### Input data
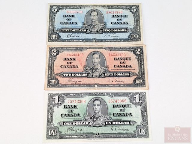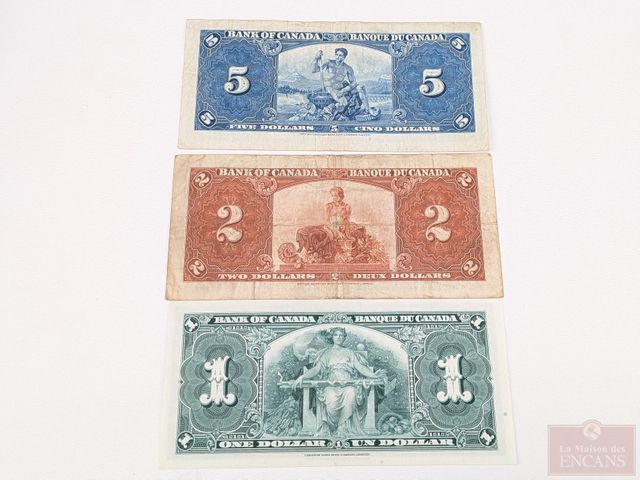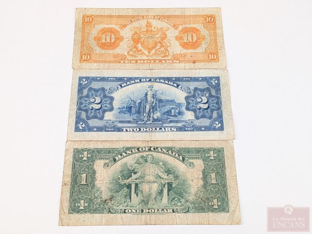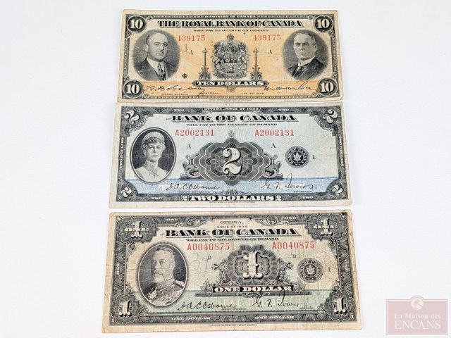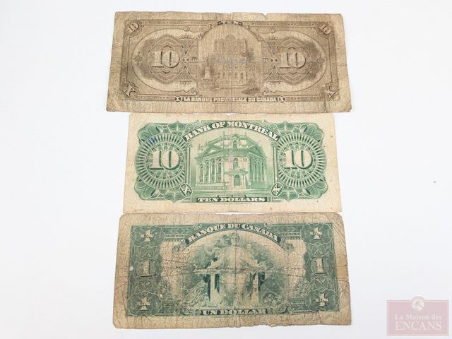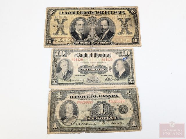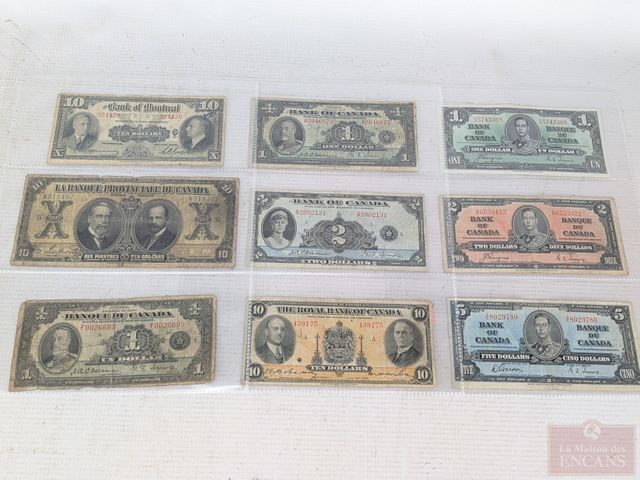 Lot # 201 - Lot d'anciens billets canadiens comprenant un, deux et cinq dollars 1937, deux billets d'un dollar 1935, un, deux et dix dollars 1935, dix dollars de la banque de Montréal 1938 et dix piastres de la banque provinciale du Canada 1919
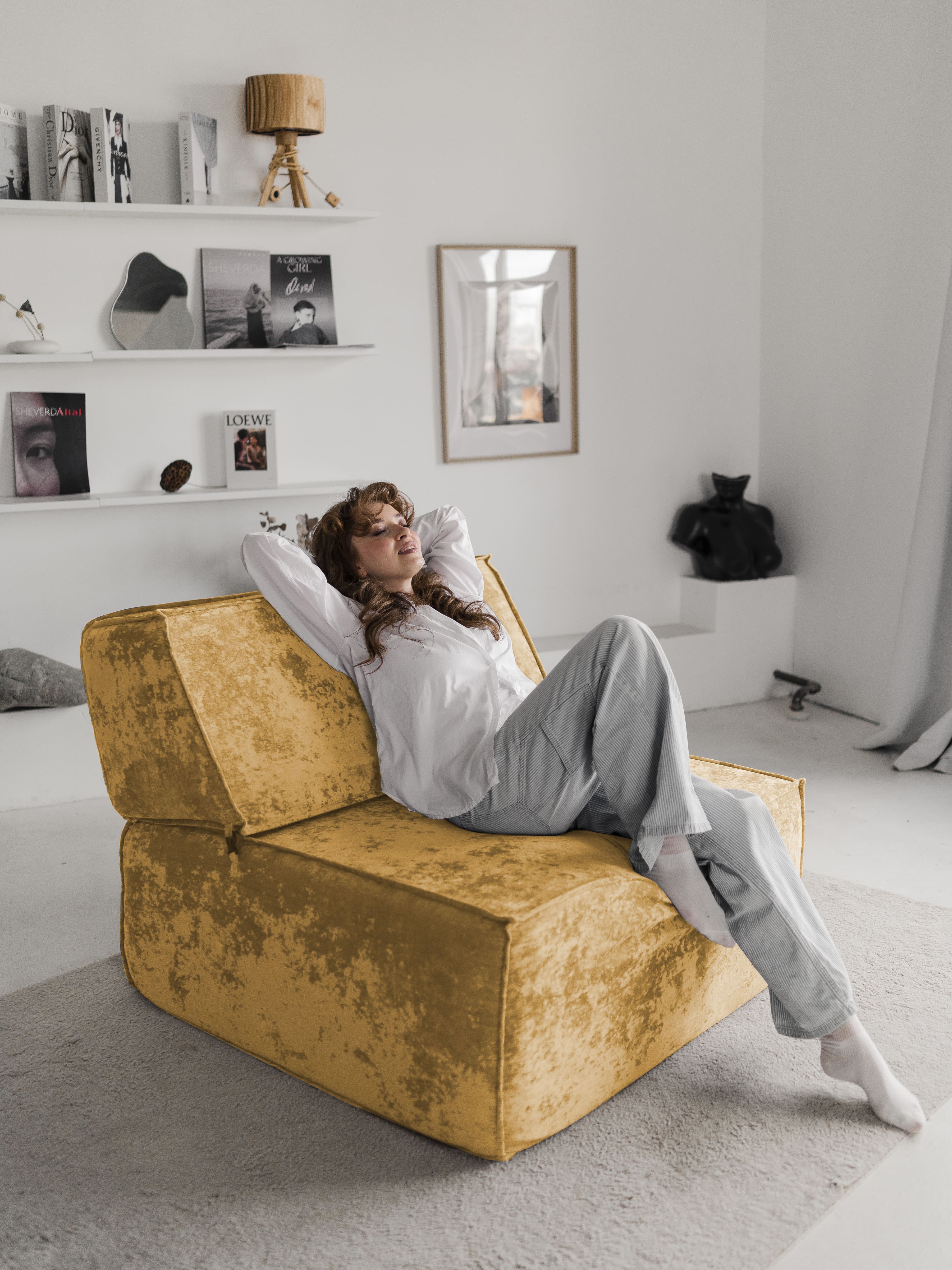 Отзывы о Столплит Бескаркасное кресло Клайд,плюше Альфа оранжевый
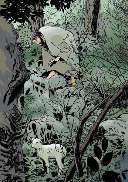 ¿Qué hace el buen pastor durante este tiempo? Encierra en un lugar seguro a las noventa y nueve ovejas fieles y luego se pone en camino y no se detiene hasta que encuentra el rastro de la oveja perdida. Como ella no vuelve, él va por ella. La ve a lo lejos, embriagada y enlazada por los reptiles, tan ebria que no siente nostalgia por el rostro que la ama, y se burla de él. Y él la mira, culpable de haber entrado como una ladrona en morada ajena, tan culpable que ella no se atreve a mirarlo más… Y sin embargo el pastor no se cansa, y continúa. La busca, la busca, la sigue, la acosa. Llora sobre el rastro de la descarriada: jirones de vellón, jirones de alma, rastros de sangre; delitos de todo tipo; basura; testimonios de su lujuria. Continúa y la alcanza.

### Task objective
Output, exactly as written, only the lines from the beginning of the listing through the line containing "Отзывы о Столплит", both included, and no pictures.

### Task answer
 Lot # 201 - Lot d'anciens billets canadiens comprenant un, deux et cinq dollars 1937, deux billets d'un dollar 1935, un, deux et dix dollars 1935, dix dollars de la banque de Montréal 1938 et dix piastres de la banque provinciale du Canada 1919
 Отзывы о Столплит Бескаркасное кресло Клайд,плюше Альфа оранжевый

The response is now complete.